Bush praises Mosul, Najaf
Unrest in Kurdistan
President Bush in his speech on Thursday maintained that it was a good thing that about half of Ninevah province voted in the referendum on the new constitution. The Washington Post points out that Ninevah voted overwhelming against the constitution, and came within an hair’s breadth of helping defeat it altogether. This was a good thing? WaPo also points out that Bush instanced security progress in Najaf and Mosul as good news. But this is perverse. There was not much a security problem in Najaf until, in early April 2004, the US military suddently declared that it wanted to “kill or capture” Shiite religious nationalist Muqtada al-Sadr. The latter launched an uprising in the course of which the Mahdi Army took over Najaf. Bush provoked that. As for Mosul, it was quiet under Gen. Petraeus, unti Bush launched the Fallujah campaign of November, 2004, at which time security in Mosul collapsed. The local population was furious about the attack on Sunni Arabs. Mosul is still not back to being fairly safe.
Collapse in Kurdistan? From all accounts there is substantial political unrest in Kurdistan, with violence between the Kurdistan Democratic Party and a Kurdish Islamic party. Al-Zaman: The Kurdistan Islamic Union, led by Salah al-Din Muhammad Baha al-din said that on Tuesday 3 of its party workers had been killed in an attack on their party headquarters in the northern Dohuk province. One of the dead had been a candidate running for a seat in parliament. Many others were wounded. Two further party works were killed in Zakhu. Police, loyal to the Kurdistan Democratic Party of Massoud Barzani, looked on without attempting to protect these devotees of political Islam among the Kurds.

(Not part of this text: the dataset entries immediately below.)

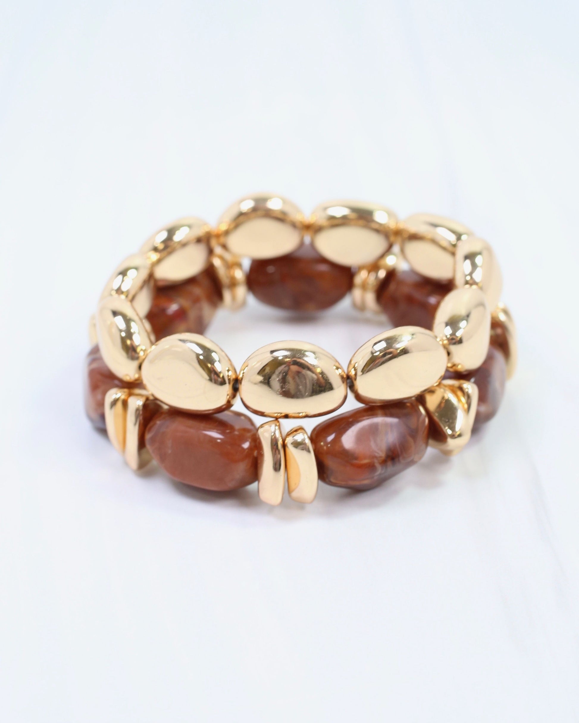 Add a stylish edge to your accessories with the Arcadia Stone Bracelet Brown 2-piece set. Featuring one bracelet adorned with a mix of gold and warm brown stones, paired with a sleek all-gold bracelet, this duo offers a fashionable and fun way to complement any outfit. Perfect for layering or wearing separately for versatile style.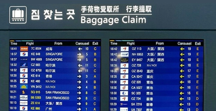 탑승했던 항공편명으로 몇번 구역(레인)에서 짐이 나오는지 확인 후 이동해요!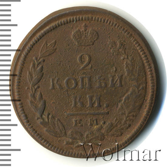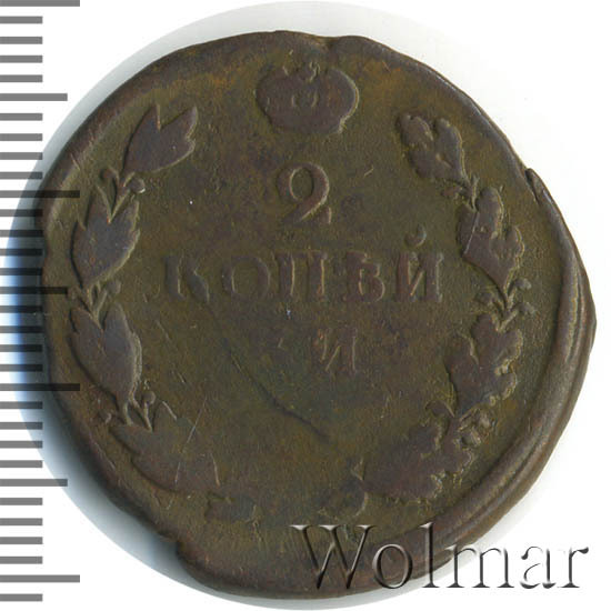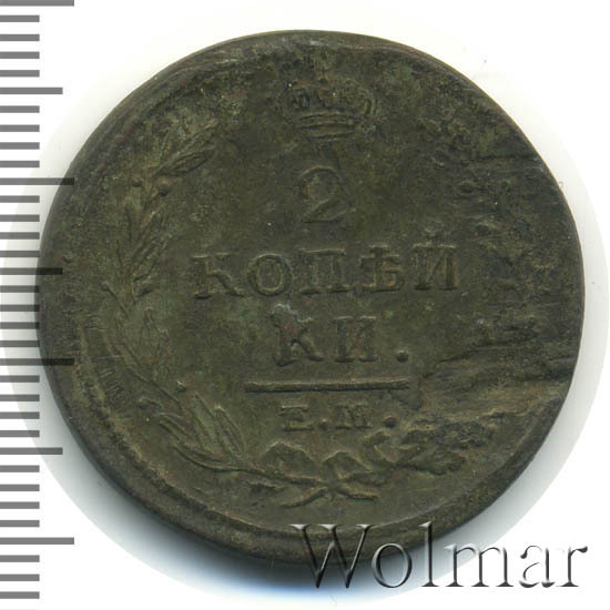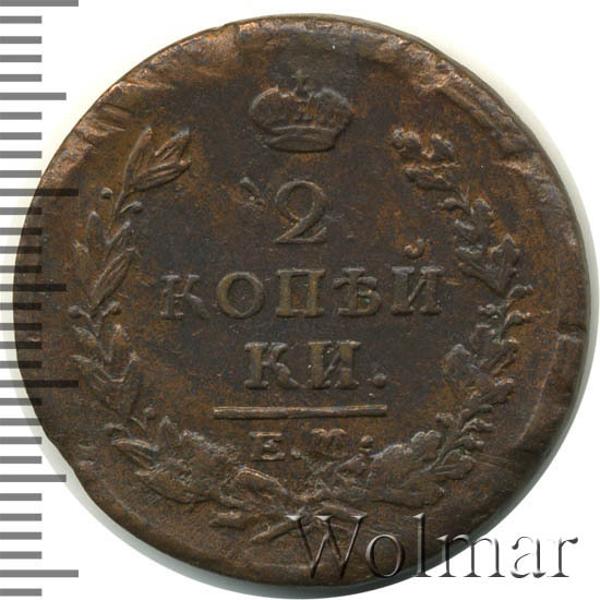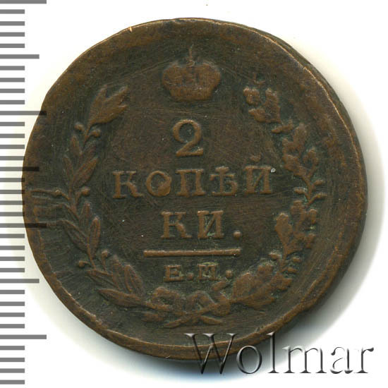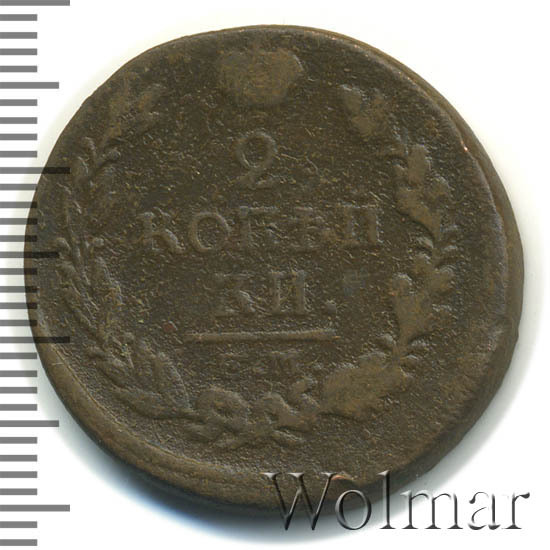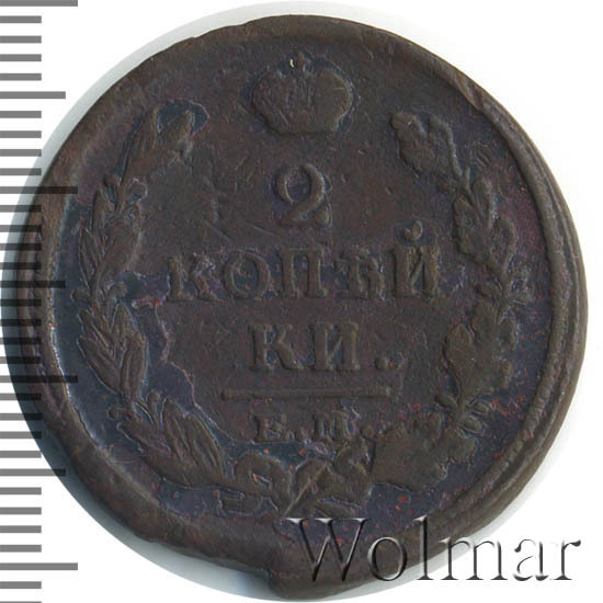 Реверс монеты 2 копейки 1820 года ЕМ-НМ

KarbalaNews.net is now carrying an article claiming to be from the office of Grand Ayatollah Ali Sistani saying that the communique urging believers to vote for the United Iraqi Alliance was fraudulent. Sistani had been refusing to endorse the UIA, but seemed suddently to reverse course late last week.
Al-Zaman: Seventy-nine Iranian pilgrims arrived in the Shiite shrine city of Karbala on Wednesday, under the protection of an Iranian government guard that was allowed to accompany them. At a moment when Iraq has closed its borders with the Arab states of Saudia Arabia, Jordan and Syria and refused to give entry permits to Arabs, the Iraqi government is welcoming in the Iranians for Shiite pilgrimage! Forget about all the British charges that Iran is destablizing Iraq. The Iraqi government clearly believes that it is the Arabs, not Iran, that form the danger.
I may blog more Thursday if I get the chance.